FCC Enforcement Bureau Chief Loyaan Egal provided the subcommittee with a statement for today’s hearing. He said the FCC’s enforcement efforts include $500 million in fines against robocallers issued this year, and orders that require phone companies to block calls sent by other telcos that don’t follow the rules. He said the FCC moves have reduced robocalls, citing a study by the vendor Robokiller that said robocalls to Americans were down by 21 percent year over year in the first half of 2023.

But the FCC says it can do more if given additional authority from lawmakers. Despite increased enforcement power from the TRACED Act approved by Congress in 2019, Egal wrote that Chairwoman Jessica Rosenworcel “has identified two additional fronts where Congress can help the Commission’s enforcement efforts.”

Rosenworcel wants authority to collect fines without needing to involve the Department of Justice. Egal wrote:

The Commission has the authority to issue a Forfeiture Order for violations of the Communications Act and its rules, but it lacks the authority to pursue collection without involvement from the Department of Justice (DOJ). Since 2018, the Commission has referred eight robocalling forfeiture orders to the DOJ for collection, of which the DOJ is currently pursuing collection for two. The result is that significant sums of ill-gotten gains are potentially left in the pockets of bad actors. With its own authority to collect its fines, the Commission would pursue these cases promptly and aggressively.

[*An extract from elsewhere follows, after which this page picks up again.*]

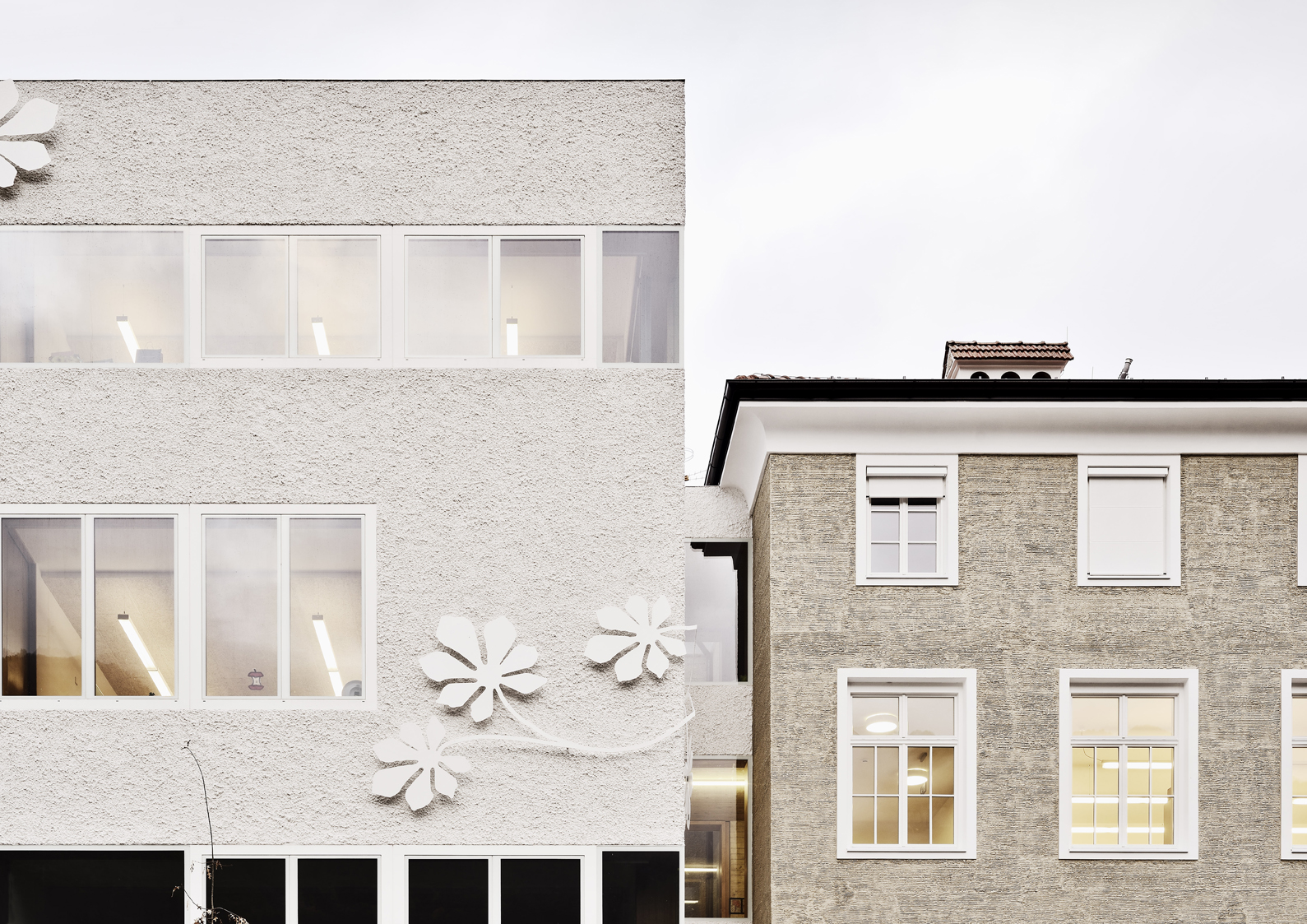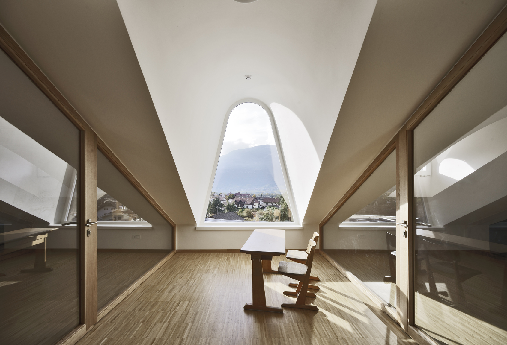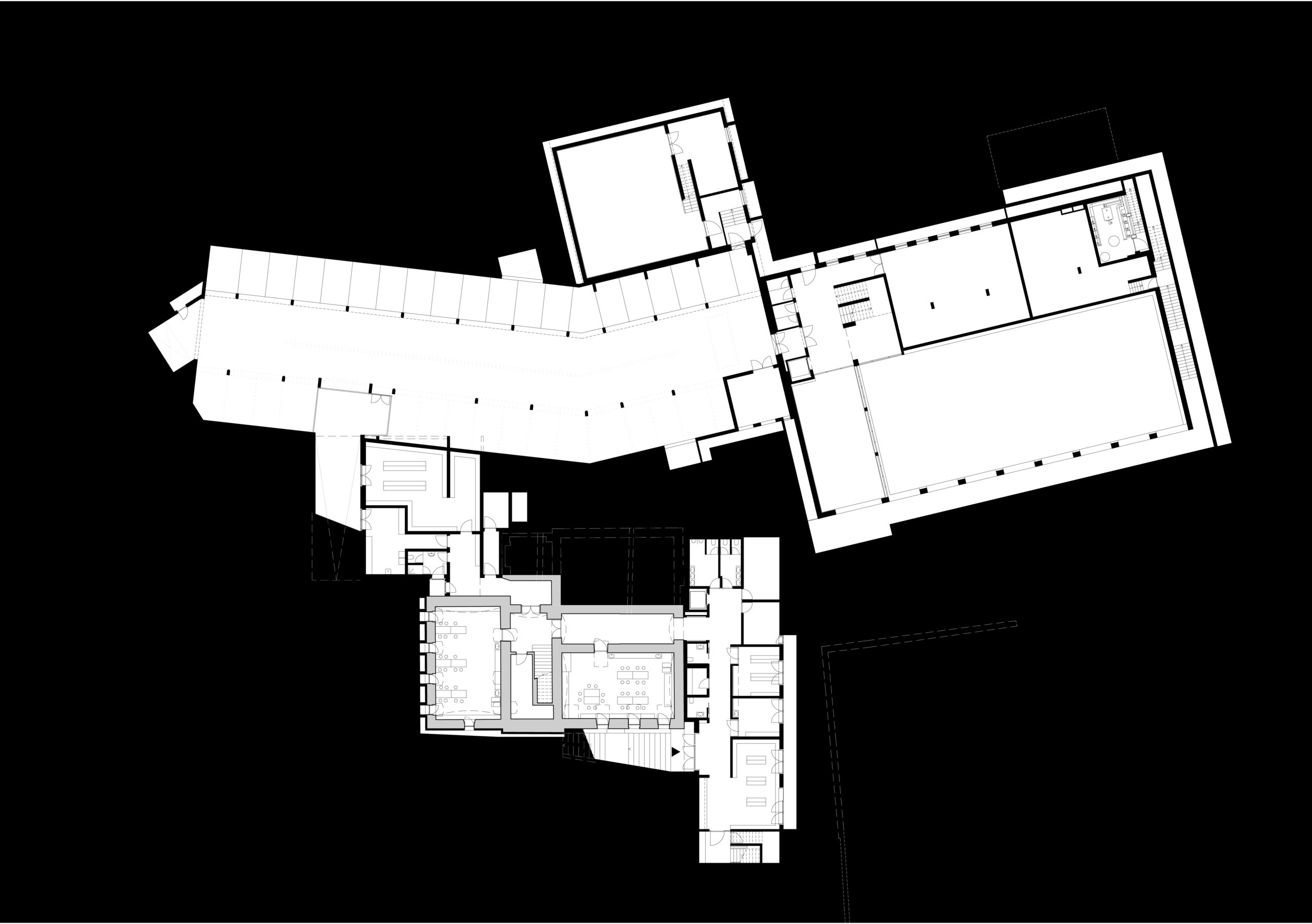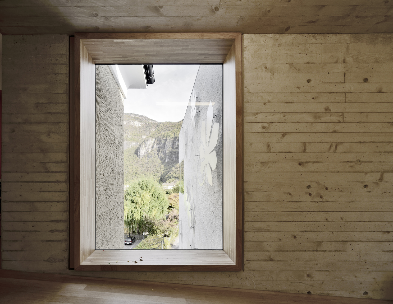 The project integrates the historical building with two new white volumes that frame a centennial chestnut tree, whose natural silhouette is imprinted on both the facades and the interior concrete walls. A fluid, zigzagging corridor connects the three structures, separating the common services on the lower floors from the educational spaces on the upper levels.

The FCC also wants Congress to expand the definition of “automatic telephone dialing system” in the Telephone Consumer Protection Act (TCPA), which protects consumers from calls made using an “automatic telephone dialing system or an artificial or prerecorded voice.” Egal wrote:

The TCPA’s definition of automatic telephone dialing system has been unaltered since 1991 and needs adjustments to keep pace with the way technology has developed over the last thirty years. Further, in Facebook v. Duguid, the Supreme Court narrowly interpreted “automatic telephone dialing system” to mean equipment that stores or generates numbers randomly or sequentially. Consequently, equipment that simply stores non-random and non-sequential lists of numbers may fall outside the statute. This interpretation makes it harder for the Commission to regulate bad actors manipulating technology to reach massive volumes of consumers, particularly with regards to sending unwanted text messages.